I understand that the services I and/or my dependent will receive at LifeCycle Family Counseling (LCFC) are based on currently accepted practice in the fields of mental health diagnosis and treatment. I also understand that the outcome of treatment cannot be guaranteed and that services continue with my voluntary consent. I understand that I can withdraw my consent and discontinue treatment at any time.
I recognize that in order for services to be provided to me or my dependent, I may be asked to consult with a psychiatrist, when this is considered necessary by the clinical staff.
Confidentiality and Records Release
I understand that my records or the records of my dependent(s) are confidential under the law and may be released only as allowed under existing applicable statutes.
I understand that LCFC may release client information without client consent
under the following conditions:
- If the client threatens to harm him/herself or others
- If the staff suspect child, elder abuse or neglect
- To medical personnel to handle a medical emergency
- To management and financial auditors
- Under a court order or subpoena
Fees, Billing, Insurance and Self-Pay
I understand that by signing this agreement, if I am using my insurance for services. I also give LCFC permission to bill my insurance company for services rendered to me or my dependent(s) and to release any information, such as diagnosis, treatment plans, and Protected Health Information, as necessary to obtain payment for services. I agree to disclose all relevant and current insurance information both completely and accurately, including any changes to my insurance coverage and any updates. It is my responsibility to understand my insurance benefits, including limitations and/or exclusions, co-pays, and year maximum, as well as obtaining an authorization if necessary.
I understand that it is the policy of LCFC to charge me for any appointment in which I fail to attend or fail to call and cancel less than 24 hours prior to my appointment time. Insurance companies will not pay for any missed appointment.
I understand that out of office expenses that are not covered by my insurance company are my responsibility to pay. These billable tasks include: School visits, letter preparation, court visits, copying records, telephone consultations over 5 minutes, etc. A fee schedule for these expenses can be obtained from my therapist.
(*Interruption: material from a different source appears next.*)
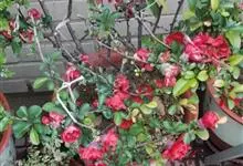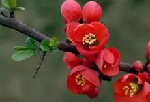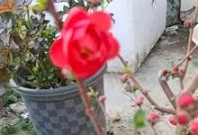 贴梗海棠Nakai)是蔷薇科、木瓜海棠属植物。落叶灌木,高达2米,枝条直立开展,有刺。叶片卵形至椭圆形,稀长椭圆形,长3-9厘米,宽1.5-5厘米。花先叶开放,3-5朵簇生于二年生老枝上。…全部>>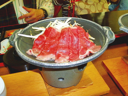 來這一定要品嚐飛驒牛肉小火鍋套餐,吃的是乾鍋不是加高湯的壽喜鍋,這樣才能吃得出牛肉的鮮嫩口感!套餐有三、四樣醬菜、兩樣小菜、茶碗蒸、味增湯、一碗超Q的白飯上面灑滿海苔粉!吃的很飽、也很滿足!

I understand that fees for services including co-pays are to be paid at the time of the appointment unless other arrangements have been made. It is not LCFC policy to send out statements for unpaid copays. If my insurance company does not cover any fees or any portion of fees for the services my dependent(s) or I have received through LCFC, I accept responsibility for these costs. If maximum insurance benefits have been reached, I will be fully responsible for any fees for services subsequently rendered to my dependent(s) or myself. I understand that it is my responsibility to understand and be responsible for my insurance benefits, including limitations and/or exclusions, co-pay’s, and yearly maximums, as well as to obtain authorization if necessary.
I understand that unpaid balances over $200 and/or over 90 days old will automatically be transferred to the LCFC collection agency unless formal payment arrangements have been made. I understand that my defaulting on the payment arrangement will lead to my account going immediately back into a collection status.
I understand that LCFC shall not be obligated to send any report concerning me or my dependent(s) to anyone, unless the balance on my account is paid in full.
Contact by LCFC
I understand that it may be necessary for LCFC to contact me by mail or telephone during or after my or my dependent’s treatment for the purpose of confirming or scheduling appointments, billing and payment issues, completion of forms, conducting surveys, and any necessary follow-up. I understand that I have the right to request contact and/or confidential information by alternative means, at a different location.
My signature below acknowledges that I am voluntarily authorizing diagnostic and treatment services at LCFC for myself and/or my dependent(s). I recognize that I may refuse any aspect of treatment. I also accept that such a refusal may, in some instances, result in termination of services by LCFC.
My signature below acknowledges that I have read this Consent to Treatment, that I agree to abide by the policies and procedures of LCFC.